The Coen’s needed a change of pace form the dark humor and graphic violence of Fargo. The brothers drew from their real life stoner friend Jeff Dowd, who actually called himself the Dude, for the story’s protagonist. Walter, Dude’s odd couple friend and a Vietnam veteran with a military haircut and camouflage attire, was based partly on their uncle Peter, also a Vietnam veteran and rug theft victim who had lamented “that the rug really tied the room together”. This line would be uttered several times throughout the ovie by both the Dude and Walter to give some cover to their idiotic actions in pursuit of Bunny and the money. Other plot elements came from their private lives as well; like the homework assignment stuffed in a stolen car that happened to a friend of Uncle Peter’s. (Levine, The Coen brothers: the story of two American filmmakers) They also wanted to do homage to the author of The Big Sleep, Raymond Chandler. The film’s overall structure was influenced by the detective fiction of Raymond Chandler.
Ethan said, “We wanted something that would generate a certain narrative feeling – like a modern Raymond Chandler story, and that’s why it had to be set in Los Angeles … We wanted to have a narrative flow, a story that moves like a Chandler book through different parts of town and different social classes” (“The Big Lebowski”). They borrowed different elements from the The Big Sleep. As Steve Palopoli points out in his article “Five Things You Didn’t Know About ‘The Big Lebowski'”, The Dude stands in for Humphrey Bogart’s Philip Marlowe–both go to the home of a patriarch in a wheelchair (General Sternwood in Sleep), after which they are eventually hired to handle the case of a free-spirited young woman (Carmen in Sleep, Bunny in Lebowski). The uptight butler Brandt in Lebowski replaces uptight butler Norris in Sleep, while Bunny attempts to seduce the Dude just as Carmen tries to seduce Marlowe (to which Bogart famously quips, ‘She tried to sit in my lap while I was standing up'”. (Five Things You Didn’t Know About ‘The Big Lebowski).

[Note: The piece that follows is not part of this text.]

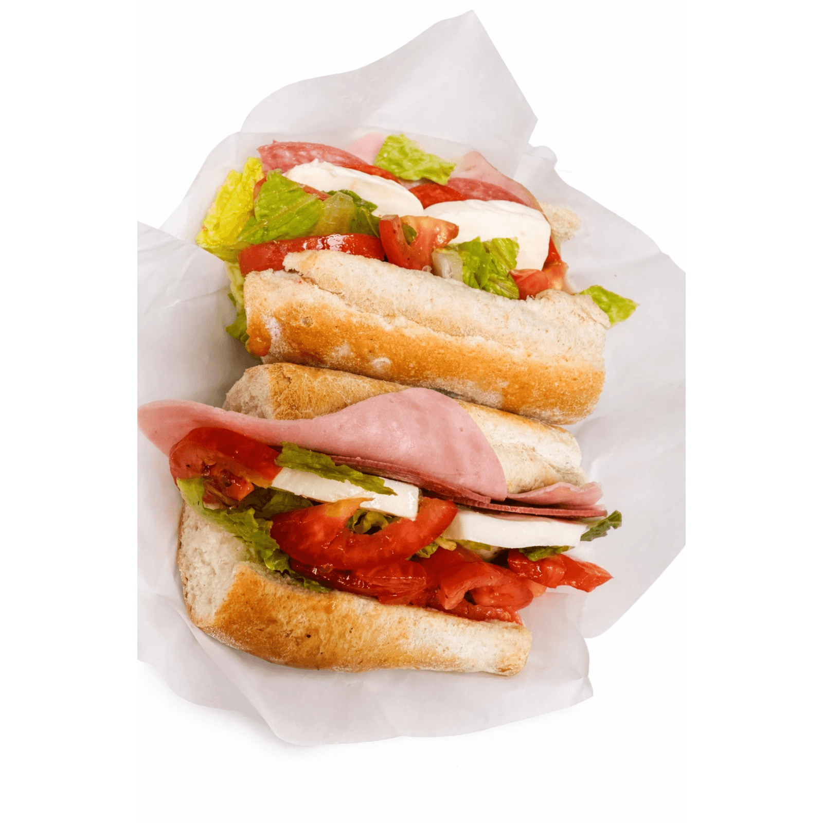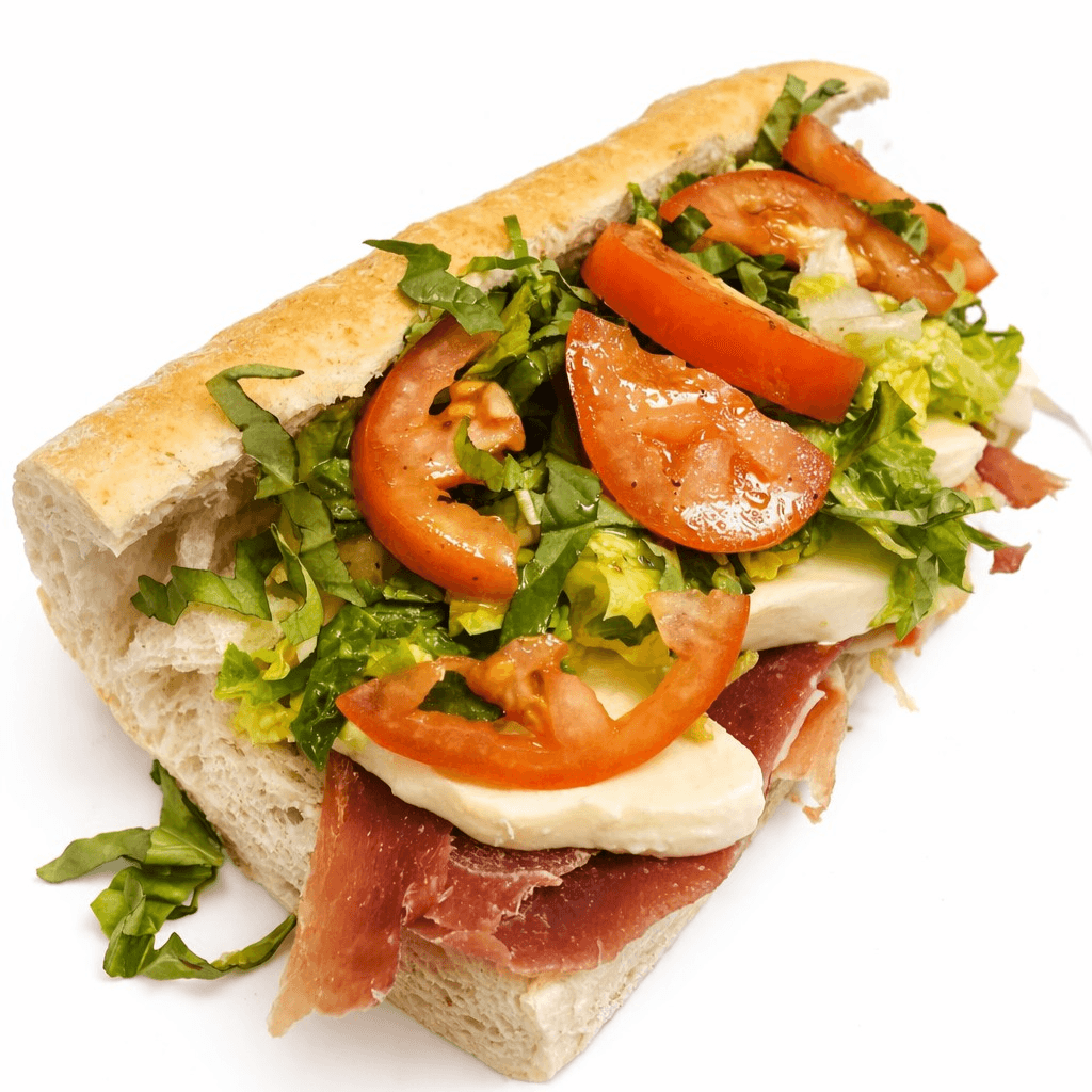 8". Ham, salami, pepperoni, fresh mozzarella, lettuce, tomatoes, oil & vinegar

The dude’s comparative line to Bunny’s offer to give him felatio for a thousand dollars is “I’m just gonna find a cash machine”. The movie itself did not fare well with critics or the box office. The Guardian criticized the film as “a bunch of ideas shoveled into a bag and allowed to spill out at random. The film is infuriating, and will win no prizes. But it does have some terrific jokes”(qtd. in The Big Lebowski The Big Lebowski). Peter Howell, in his review for the Toronto Star, wrote, “It’s hard to believe that this is the work of a team that won an Oscar ast year for the original screenplay of Fargo” (qtd. in “The Big Lebowski”). While the Coen’s previous academy award winning movie Fargo grossed 25 million, Lebowski only grossed 10 million in the American theaters (qtd. in Levine). Other classic films have suffered the same problems of poor initial acceptance by audiences and critics. For instance North by Northwest is named one of the top ten mystery films by the American Film Institute yet it has never won an Oscar and it took years before it was considered one of Hitchcock’s greatest movies (“Alfred Hitchcock”)(North By Northwest DVD).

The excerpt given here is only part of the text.